I made Banana Coffee Cake! And it was a big hit at the after-church coffee hour.
What makes baking so darned much fun? My father used to tell me that before he was married one of the things he used to do was bake on a Saturday afternoon while listening to the Metropolitan Opera. There is something so relaxing about that! I mean, you can bake and at the same time give a good amount of attention to the opera.
Saturday baking dovetails nicely with church on Sunday because then you have people to eat what you bake. I am trying to think of the things I have tried. Last week, when it was Epiphany time, I made a Mexican Three Kings bread. It was a yeast bread but I made it more Three Kings-like by adding a glaze and then sugar in the colors of the Three Kings, which as we discovered last year are purple, gold and green.

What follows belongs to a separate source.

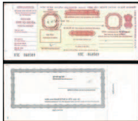
A Picture of Postal Order

Like Money Order, we can also send money through postal order i.e., Indian Postal Order (IPO). It is a convenient method of sending money from one place to another and is mainly used for remitting examination fees or while applying for any job. Postal Orders are available at all post offices in different denominations like Re.1/-, Rs.2/-, Rs.5/-, Rs.7/-, Rs.10/-, Rs.20/-, Rs.50/-, and Rs.100/-. We can buy Postal orders on payment of prescribed charges and send it to the payee after mentioning his name and specifying the name of the post office, where it is intended to be encased. The payee after receiving the postal order produces it for payment at the post office mentioned there in. To ensure payment to the right person, we can cross the postal order by putting two parallel diagonal lines on its top left hand side corner just like crossing a bank draft or a cheque. The effect of crossing a postal order is that the payment can be collected through the payee's account at the post office or bank. This method of remittance is mostly used for official purposes.
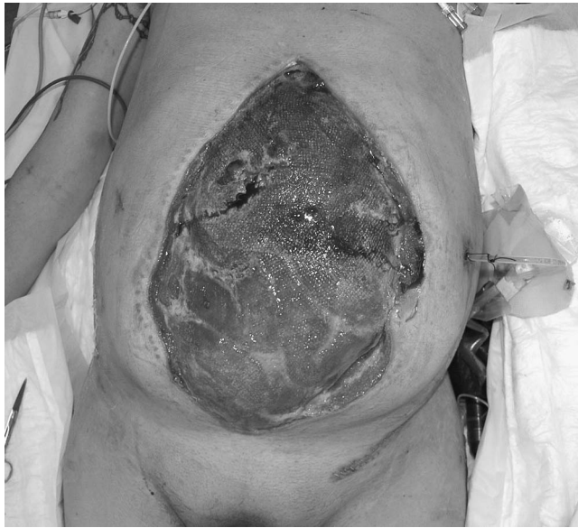
Figure 2. The open abdomen with a fistula

People at church were praising my Three Kings bread because the children loved it. And the grown-ups liked it, too. It is the kind of sweet bread that all ethnic groups know by some name or another. I heard an Italian woman passing a slice to another Italian woman and saying, "Panettone." Both of them looked pleased and I felt very complimented. As the biographer of Leonard Pennario I take pride in being able to cook Italian delicacies. Or delicacies that can pass for Italian!
But for now, the Banana Coffee Cake. The recipe I linked to called for macademia nuts but who has those. I used toasted walnuts. Yum.
Also I heeded the people who wrote comments and said to double the topping. I did that, yessirree. It is that Cooking Light syndrome when sometimes they skimp on things to save a couple of calories and you are up a creek. You learn to double certain things and question certain things.
I actually doubled the recipe and made two cakes because when it came to servings, eight was not enough. The only thing is was, I forgot in the heat of the moment to take a picture. Alack and alas and Alaska! So I used the picture from Cooking Light up above. It did look pretty much like that.
Anyway, as we learned previously, leave the food photography to the pros!